Work required: Wherever pictures appear in the listing below, leave them out, and copy exactly, and only, everything from the line with "1955年秋至1956年夏,中国共产党开" down to the line with "クローバーで飾ったふきだしと".

Data for the task:

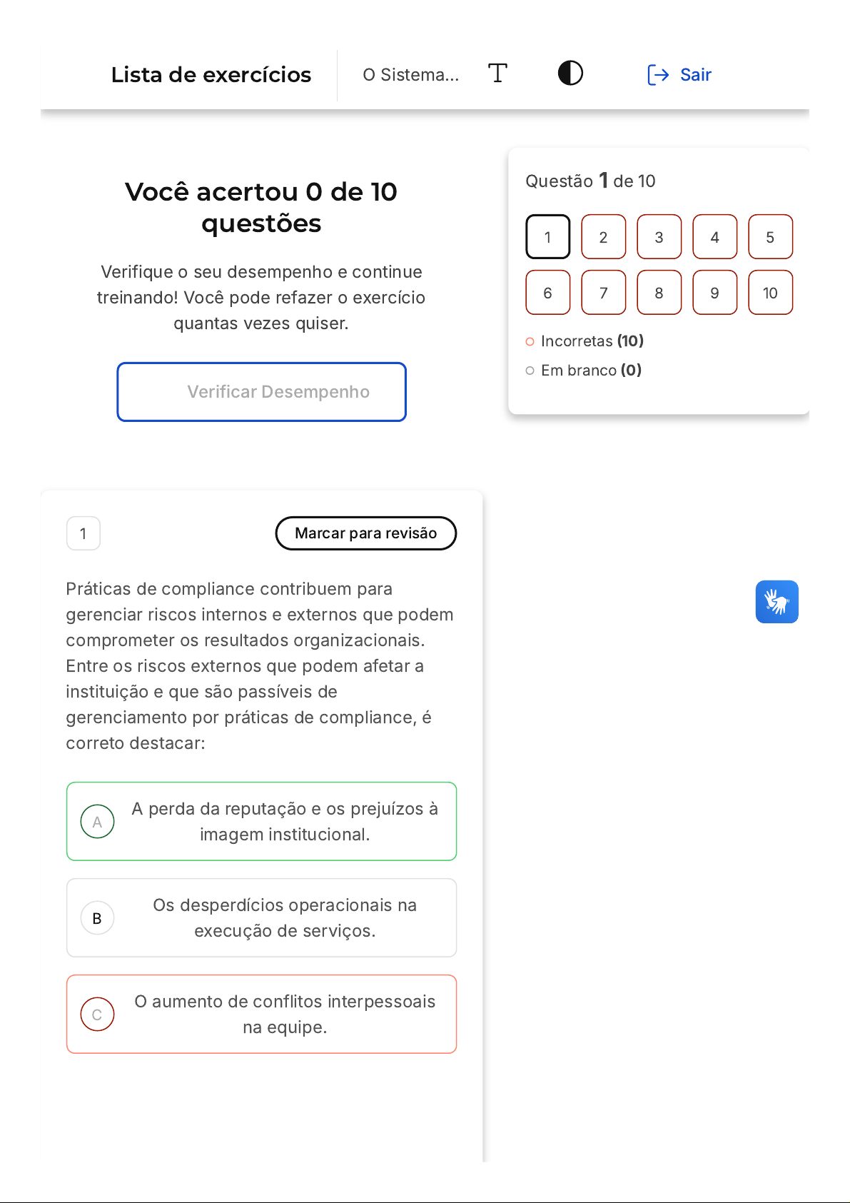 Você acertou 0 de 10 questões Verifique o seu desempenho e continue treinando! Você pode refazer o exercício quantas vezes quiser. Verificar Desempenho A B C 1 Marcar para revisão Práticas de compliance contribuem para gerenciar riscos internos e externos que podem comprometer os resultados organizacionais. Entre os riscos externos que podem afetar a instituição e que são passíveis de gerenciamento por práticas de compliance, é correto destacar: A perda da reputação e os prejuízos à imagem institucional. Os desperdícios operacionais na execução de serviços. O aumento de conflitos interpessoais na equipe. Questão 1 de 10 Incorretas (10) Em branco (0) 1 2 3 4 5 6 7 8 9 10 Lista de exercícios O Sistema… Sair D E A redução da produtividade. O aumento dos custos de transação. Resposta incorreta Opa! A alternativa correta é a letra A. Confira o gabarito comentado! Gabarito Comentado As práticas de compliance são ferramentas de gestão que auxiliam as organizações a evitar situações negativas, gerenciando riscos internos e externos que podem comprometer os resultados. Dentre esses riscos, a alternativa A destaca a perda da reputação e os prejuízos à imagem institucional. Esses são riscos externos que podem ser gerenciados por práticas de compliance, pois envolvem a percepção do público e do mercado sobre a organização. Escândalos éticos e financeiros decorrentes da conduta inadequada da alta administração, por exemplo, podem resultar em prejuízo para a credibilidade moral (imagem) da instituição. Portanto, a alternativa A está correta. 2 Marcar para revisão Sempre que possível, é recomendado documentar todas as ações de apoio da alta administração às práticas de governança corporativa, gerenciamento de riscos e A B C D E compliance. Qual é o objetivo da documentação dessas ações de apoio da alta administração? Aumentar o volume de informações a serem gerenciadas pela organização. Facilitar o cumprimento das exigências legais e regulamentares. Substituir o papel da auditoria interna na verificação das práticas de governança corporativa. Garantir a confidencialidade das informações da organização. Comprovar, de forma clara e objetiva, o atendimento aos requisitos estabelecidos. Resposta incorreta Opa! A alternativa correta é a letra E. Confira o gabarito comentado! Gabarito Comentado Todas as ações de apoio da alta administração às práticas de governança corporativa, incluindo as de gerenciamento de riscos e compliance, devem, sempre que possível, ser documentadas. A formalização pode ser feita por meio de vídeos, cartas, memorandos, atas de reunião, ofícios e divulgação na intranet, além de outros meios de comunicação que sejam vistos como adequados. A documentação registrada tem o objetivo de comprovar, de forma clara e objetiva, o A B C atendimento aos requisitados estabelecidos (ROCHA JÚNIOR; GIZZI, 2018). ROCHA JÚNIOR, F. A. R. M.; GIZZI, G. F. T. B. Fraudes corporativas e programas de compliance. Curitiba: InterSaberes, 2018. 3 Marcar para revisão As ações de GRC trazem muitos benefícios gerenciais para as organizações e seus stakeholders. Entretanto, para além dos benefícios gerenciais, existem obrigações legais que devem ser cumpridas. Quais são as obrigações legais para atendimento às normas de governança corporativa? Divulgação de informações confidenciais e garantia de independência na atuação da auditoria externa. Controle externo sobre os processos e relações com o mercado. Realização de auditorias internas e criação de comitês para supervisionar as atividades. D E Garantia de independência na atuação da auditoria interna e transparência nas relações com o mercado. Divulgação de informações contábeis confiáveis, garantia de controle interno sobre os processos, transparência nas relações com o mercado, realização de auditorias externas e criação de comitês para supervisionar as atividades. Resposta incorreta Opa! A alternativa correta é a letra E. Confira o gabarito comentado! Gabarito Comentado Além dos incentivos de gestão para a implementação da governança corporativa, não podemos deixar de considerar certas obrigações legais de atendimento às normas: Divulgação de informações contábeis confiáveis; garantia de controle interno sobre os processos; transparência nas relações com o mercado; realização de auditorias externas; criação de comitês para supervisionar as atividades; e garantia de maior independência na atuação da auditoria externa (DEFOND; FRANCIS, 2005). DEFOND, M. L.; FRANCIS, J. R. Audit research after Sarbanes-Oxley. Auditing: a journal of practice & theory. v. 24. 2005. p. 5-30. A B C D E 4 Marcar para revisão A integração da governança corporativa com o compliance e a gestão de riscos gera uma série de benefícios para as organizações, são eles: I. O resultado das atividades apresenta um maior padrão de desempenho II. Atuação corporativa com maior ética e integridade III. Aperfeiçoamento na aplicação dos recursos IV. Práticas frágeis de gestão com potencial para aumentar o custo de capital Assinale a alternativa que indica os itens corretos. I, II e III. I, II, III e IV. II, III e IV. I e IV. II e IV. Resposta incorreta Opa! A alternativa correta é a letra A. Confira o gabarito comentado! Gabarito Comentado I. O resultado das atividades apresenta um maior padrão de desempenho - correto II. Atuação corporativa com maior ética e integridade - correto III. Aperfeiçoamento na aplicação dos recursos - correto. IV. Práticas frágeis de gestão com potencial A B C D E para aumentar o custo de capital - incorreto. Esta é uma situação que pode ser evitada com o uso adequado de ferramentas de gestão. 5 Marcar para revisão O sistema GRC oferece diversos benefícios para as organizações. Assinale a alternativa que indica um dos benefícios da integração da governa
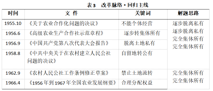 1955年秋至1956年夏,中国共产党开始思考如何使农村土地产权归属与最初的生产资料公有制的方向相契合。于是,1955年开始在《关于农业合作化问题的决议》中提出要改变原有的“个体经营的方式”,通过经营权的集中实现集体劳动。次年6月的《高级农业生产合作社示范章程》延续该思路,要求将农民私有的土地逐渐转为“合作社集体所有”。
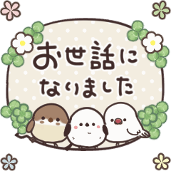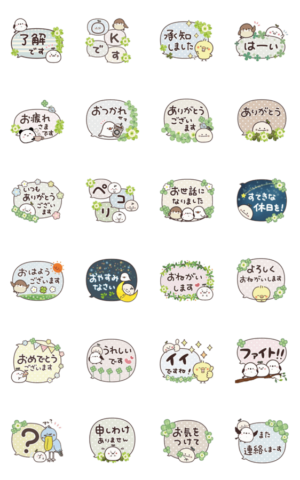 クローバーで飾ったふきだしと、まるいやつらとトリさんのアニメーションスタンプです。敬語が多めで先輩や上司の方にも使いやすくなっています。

==

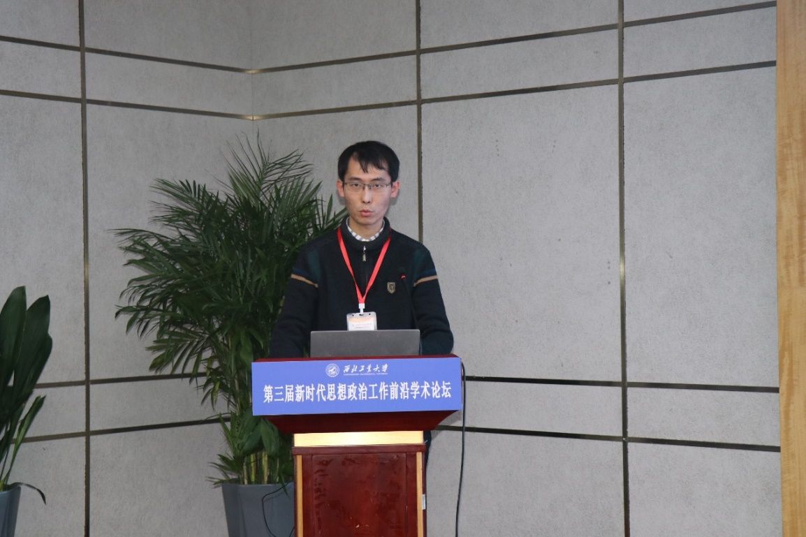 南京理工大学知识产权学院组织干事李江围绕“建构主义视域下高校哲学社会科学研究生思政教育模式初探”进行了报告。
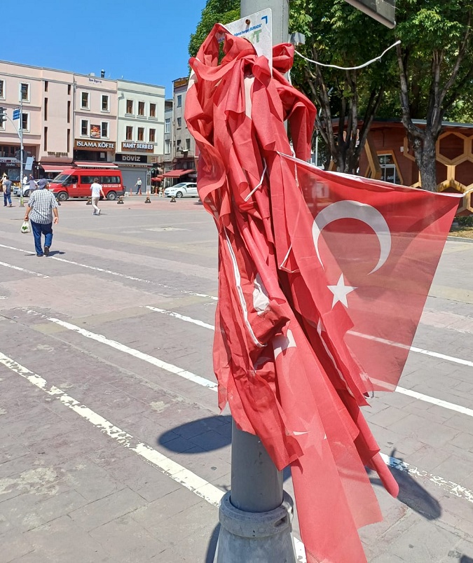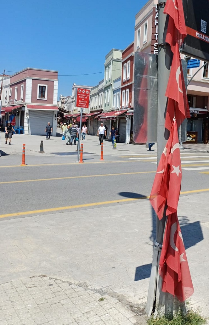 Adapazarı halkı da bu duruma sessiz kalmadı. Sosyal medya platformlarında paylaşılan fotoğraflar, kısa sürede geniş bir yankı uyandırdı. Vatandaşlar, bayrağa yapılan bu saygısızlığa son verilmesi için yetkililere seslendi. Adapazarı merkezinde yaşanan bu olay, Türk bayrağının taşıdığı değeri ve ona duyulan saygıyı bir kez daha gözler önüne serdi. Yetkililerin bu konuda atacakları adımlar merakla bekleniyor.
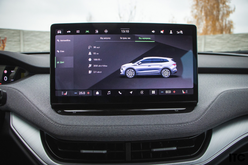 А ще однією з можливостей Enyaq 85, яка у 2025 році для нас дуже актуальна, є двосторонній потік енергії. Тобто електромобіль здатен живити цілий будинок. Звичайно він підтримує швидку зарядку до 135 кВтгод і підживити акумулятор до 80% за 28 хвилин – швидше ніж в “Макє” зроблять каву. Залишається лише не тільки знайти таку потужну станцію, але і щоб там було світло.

Task response:
 1955年秋至1956年夏,中国共产党开始思考如何使农村土地产权归属与最初的生产资料公有制的方向相契合。于是,1955年开始在《关于农业合作化问题的决议》中提出要改变原有的“个体经营的方式”,通过经营权的集中实现集体劳动。次年6月的《高级农业生产合作社示范章程》延续该思路,要求将农民私有的土地逐渐转为“合作社集体所有”。
 クローバーで飾ったふきだしと、まるいやつらとトリさんのアニメーションスタンプです。敬語が多めで先輩や上司の方にも使いやすくなっています。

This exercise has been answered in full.